The B2B marketplace stack in 2026
Enterprise buyers expect quotes, terms, and fulfillment—not just a cart. Here is how the commerce + fintech + logistics stack evolves when agents and embedded finance are table stakes.
Original article: Forbes Technology Council — The Components Of A B2B Marketplace Stack
This article expands on ideas I first published in Forbes Technology Council while leading a prior marketplace platform. The core thesis held; the execution layer moved faster than expected.
B2B marketplaces are not B2C with invoices attached. In 2022 I outlined stack components—catalog, negotiation, credit, fulfillment—that still hold. What shifted is speed: AI copilots draft RFP responses, embedded finance offers net terms at onboarding, and orchestration tools connect WMS and TMS without twelve-month SI projects.
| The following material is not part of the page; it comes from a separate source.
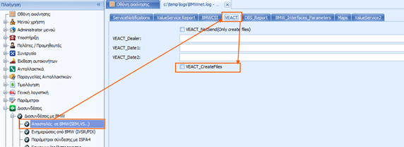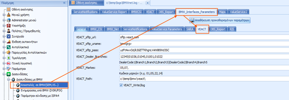 Η διαδικασία αυτή δημιουργει αρχεια τυπου CSV για αποστολή στην VEACT. Στην παραμετροποιηση της διαδικασίας πρεπει να ορισουμε, τα καταστηματα που θα συμμετέχουν καθως και τις μαρκες αυτοκινητων. Ο Ορισμος των καταστηματων συσχετιζονται με τον κωδικο Dealer BMW (DealerCode1|Branch1, Branch2, Branch3|| DealerCode2|Branch4, Branch5) π.χ.

Stack components (updated)
- Identity and roles: Buyer orgs, seller orgs, delegated purchasing, approval chains
- Catalog and contract pricing: Not list price—customer-specific terms and volume breaks
- Order orchestration: Split shipments, partial fulfillments, backorders visible to both sides
- Financial layer: Credit limits, invoicing, factoring, and payout schedules tied to delivery proof
- Logistics visibility: ETA, ASN, and exception handling as first-class UI—not email threads
Agents in B2B (carefully)
The highest-ROI agent workflows I see: catalog enrichment, exception triage, and quote assembly. The lowest-ROI: autonomous negotiation without guardrails. Enterprise buyers want speed and accountability; black-box discounts destroy trust.